* **Task details**:
Each record that follows is to be reproduced character for character, pictures excepted.
-------- Data --------
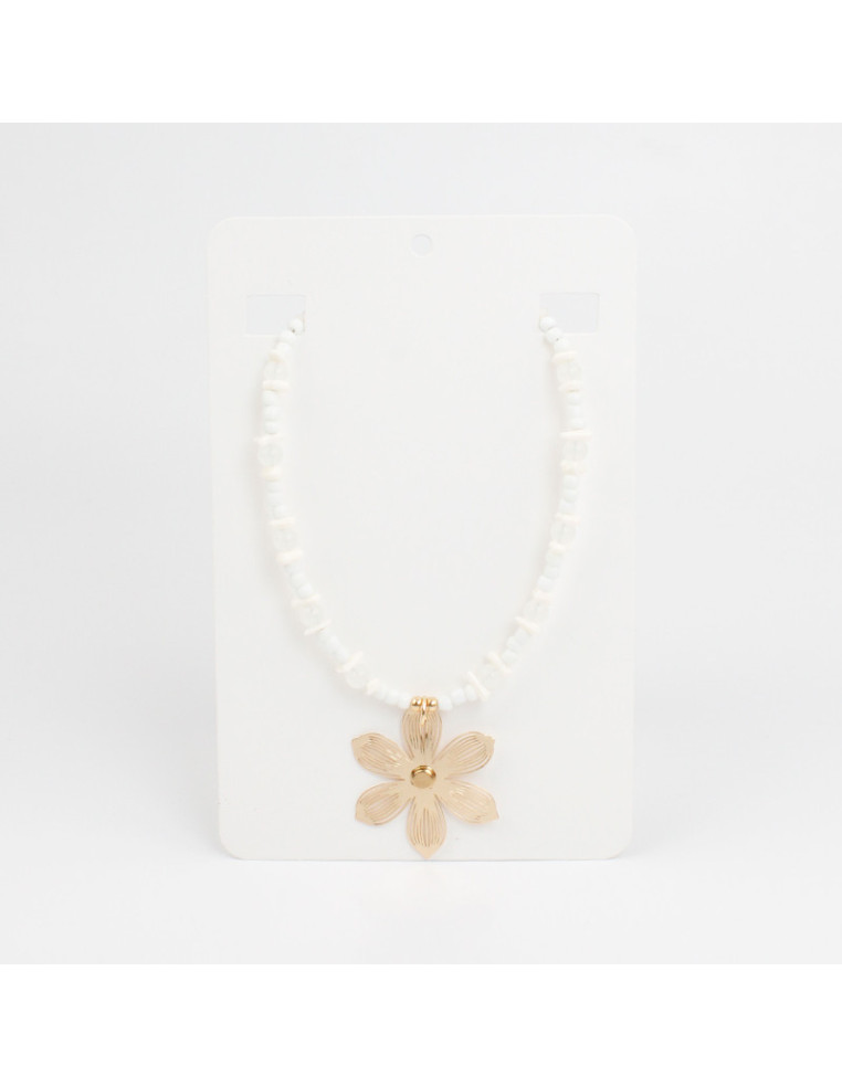 Collar flexible de lenga con bolitas de vidrio, escallas de acrílico y dije exclusivo de chapa con forma de flor.
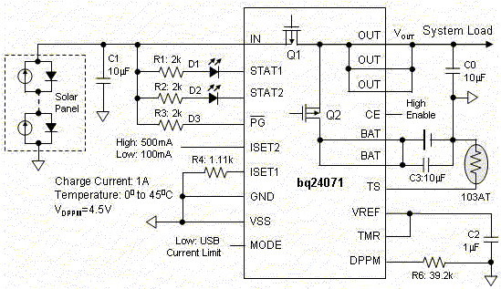 從這個(gè)太陽(yáng)能板獲得的最大輸出電壓(VOC)通常在5.5V到6V之間。因?yàn)樵撾妷旱陀陬A(yù)設(shè)的6V輸出調(diào)節(jié)電壓,MOSFET Q1被完全關(guān)閉。如果系統(tǒng)和電池充電器所需要的總電流超過太陽(yáng)能電池的輸出電流—取決于光線強(qiáng)弱—能力,太陽(yáng)能板的輸出電壓將下跌,從而使輸出電壓(VOUT)下降。當(dāng)VOUT下降到VDPPM—也是太陽(yáng)能板的輸出電壓—的時(shí)候,充電電流就下降了。太陽(yáng)能板現(xiàn)在將在接近其MPP的狀態(tài)下工作,如果VDPPM被設(shè)置為接近MPP的話。通過恰當(dāng)?shù)匕裄DPPM編程到一個(gè)電平,就容許VOUT保持在最小的4.5V,從而實(shí)現(xiàn)這一點(diǎn)。這個(gè)VDPPM數(shù)值就被人們所采用,因?yàn)樗喈?dāng)符合太陽(yáng)能板的MPP。
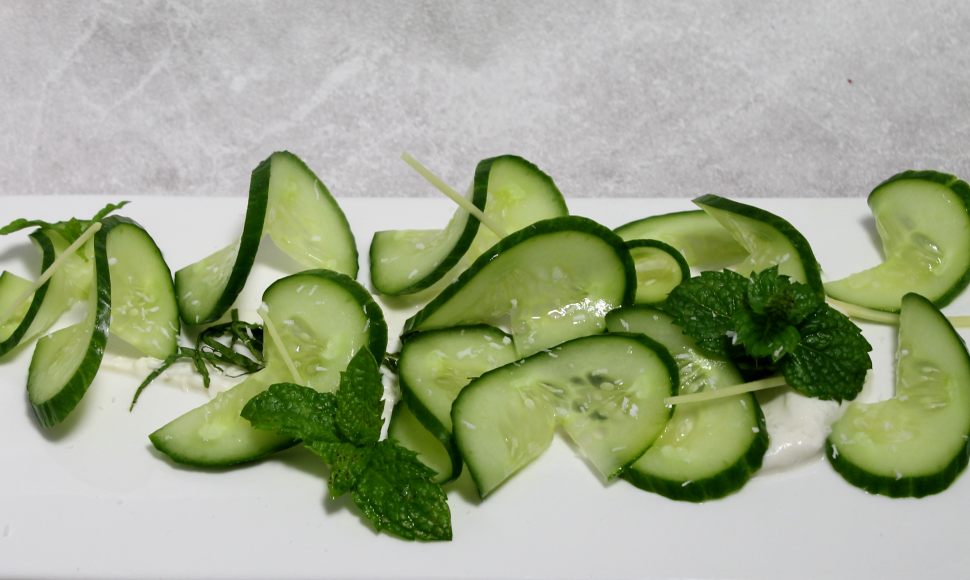 Laver et sécher les concombres. Les tailler en fines rondelles. Les réserver immédiatement si ce sont des concombres libanais. Les faire dégorger dans du sel s’il s’agit d’un concombre moyen. Rincer, sécher, effeuiller la menthe. Réserver quelques sommités pour la finition et ciseler le reste. Peler et hacher l’ail. Les réserver ensemble dans un bol au frais.
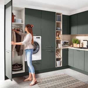 • Laundry basket drawers – Pull-out drawers designed to hold baskets for separating colours, whites, towels and linens make laundry organisation much simpler.
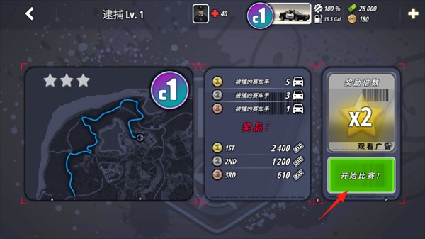 9、玩家需要驾驶警车不断撞击罪犯车辆,注意屏幕右上角的车辆损伤和油量,记得及时修复并加满。
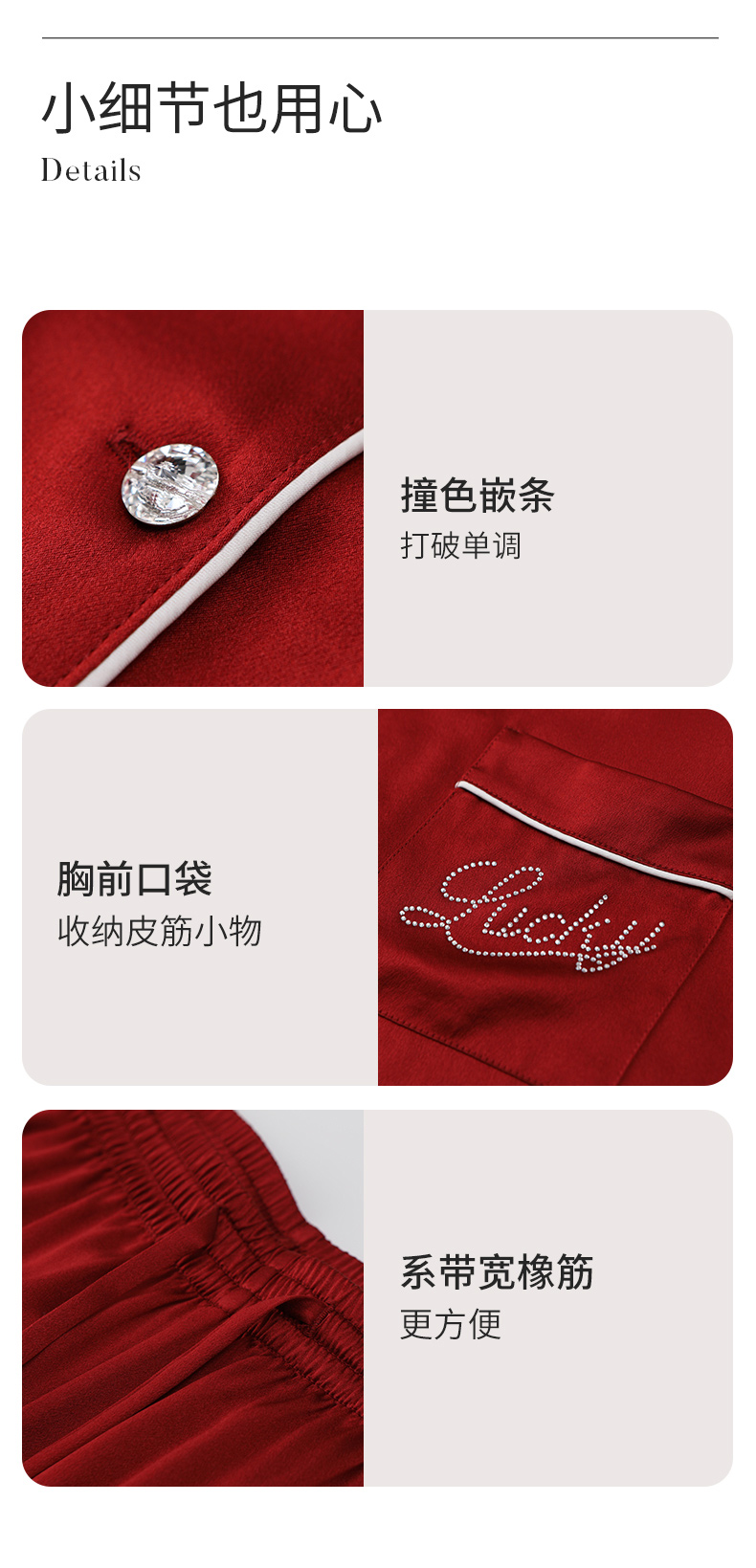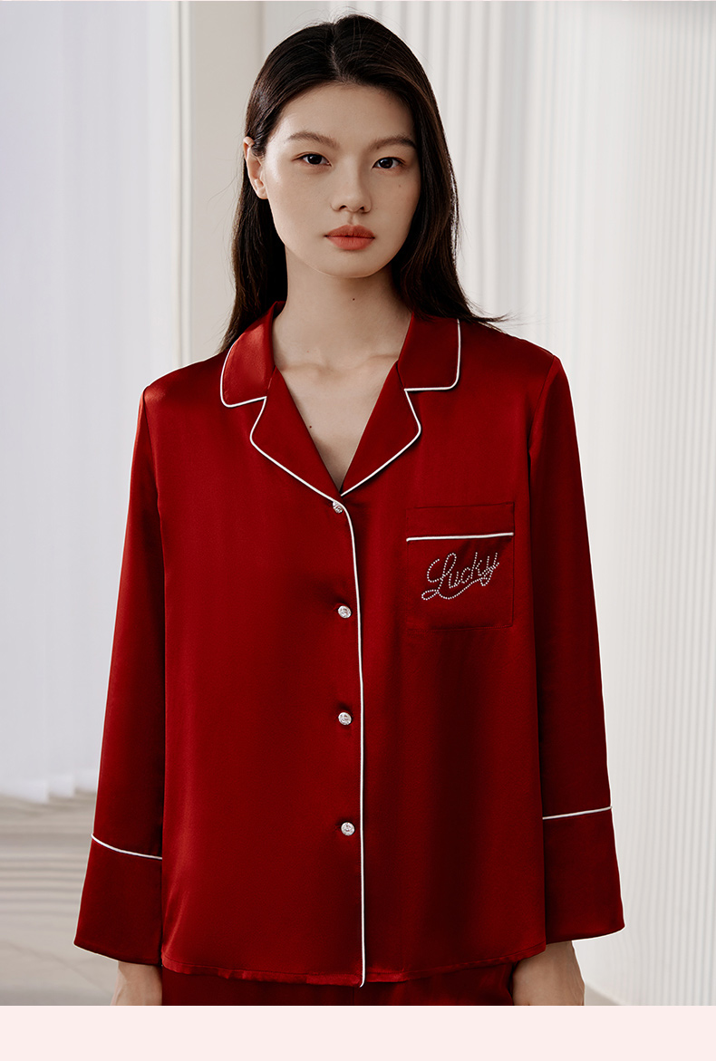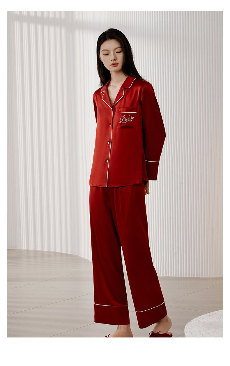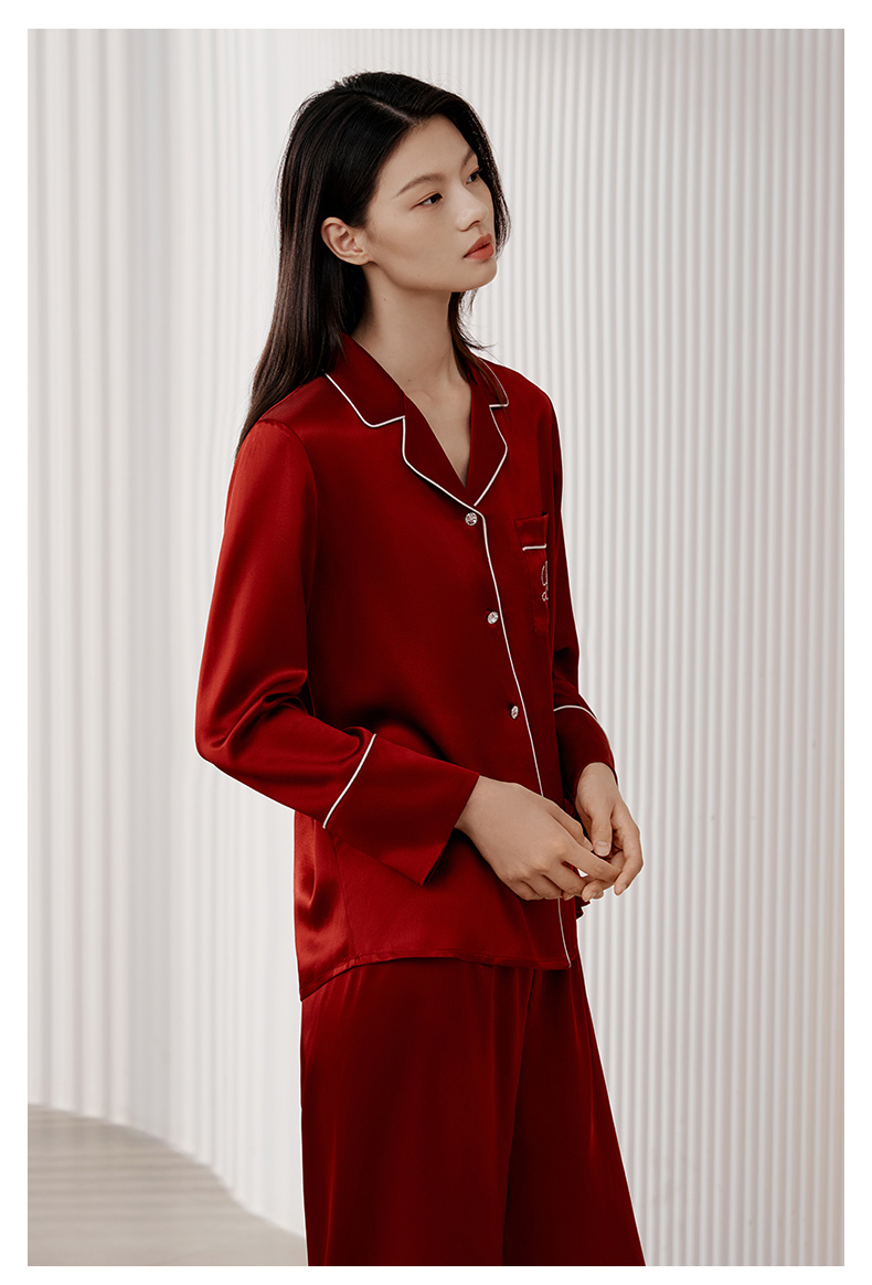 【送礼物】22姆米真丝睡衣女100%桑蚕丝红色烫砖婚庆家居服金三塔 YSFFD207
--------
* **Exercise response**:
 Collar flexible de lenga con bolitas de vidrio, escallas de acrílico y dije exclusivo de chapa con forma de flor.
 從這個(gè)太陽(yáng)能板獲得的最大輸出電壓(VOC)通常在5.5V到6V之間。因?yàn)樵撾妷旱陀陬A(yù)設(shè)的6V輸出調(diào)節(jié)電壓,MOSFET Q1被完全關(guān)閉。如果系統(tǒng)和電池充電器所需要的總電流超過太陽(yáng)能電池的輸出電流—取決于光線強(qiáng)弱—能力,太陽(yáng)能板的輸出電壓將下跌,從而使輸出電壓(VOUT)下降。當(dāng)VOUT下降到VDPPM—也是太陽(yáng)能板的輸出電壓—的時(shí)候,充電電流就下降了。太陽(yáng)能板現(xiàn)在將在接近其MPP的狀態(tài)下工作,如果VDPPM被設(shè)置為接近MPP的話。通過恰當(dāng)?shù)匕裄DPPM編程到一個(gè)電平,就容許VOUT保持在最小的4.5V,從而實(shí)現(xiàn)這一點(diǎn)。這個(gè)VDPPM數(shù)值就被人們所采用,因?yàn)樗喈?dāng)符合太陽(yáng)能板的MPP。
 Laver et sécher les concombres. Les tailler en fines rondelles. Les réserver immédiatement si ce sont des concombres libanais. Les faire dégorger dans du sel s’il s’agit d’un concombre moyen. Rincer, sécher, effeuiller la menthe. Réserver quelques sommités pour la finition et ciseler le reste. Peler et hacher l’ail. Les réserver ensemble dans un bol au frais.
 • Laundry basket drawers – Pull-out drawers designed to hold baskets for separating colours, whites, towels and linens make laundry organisation much simpler.
 9、玩家需要驾驶警车不断撞击罪犯车辆,注意屏幕右上角的车辆损伤和油量,记得及时修复并加满。
 【送礼物】22姆米真丝睡衣女100%桑蚕丝红色烫砖婚庆家居服金三塔 YSFFD207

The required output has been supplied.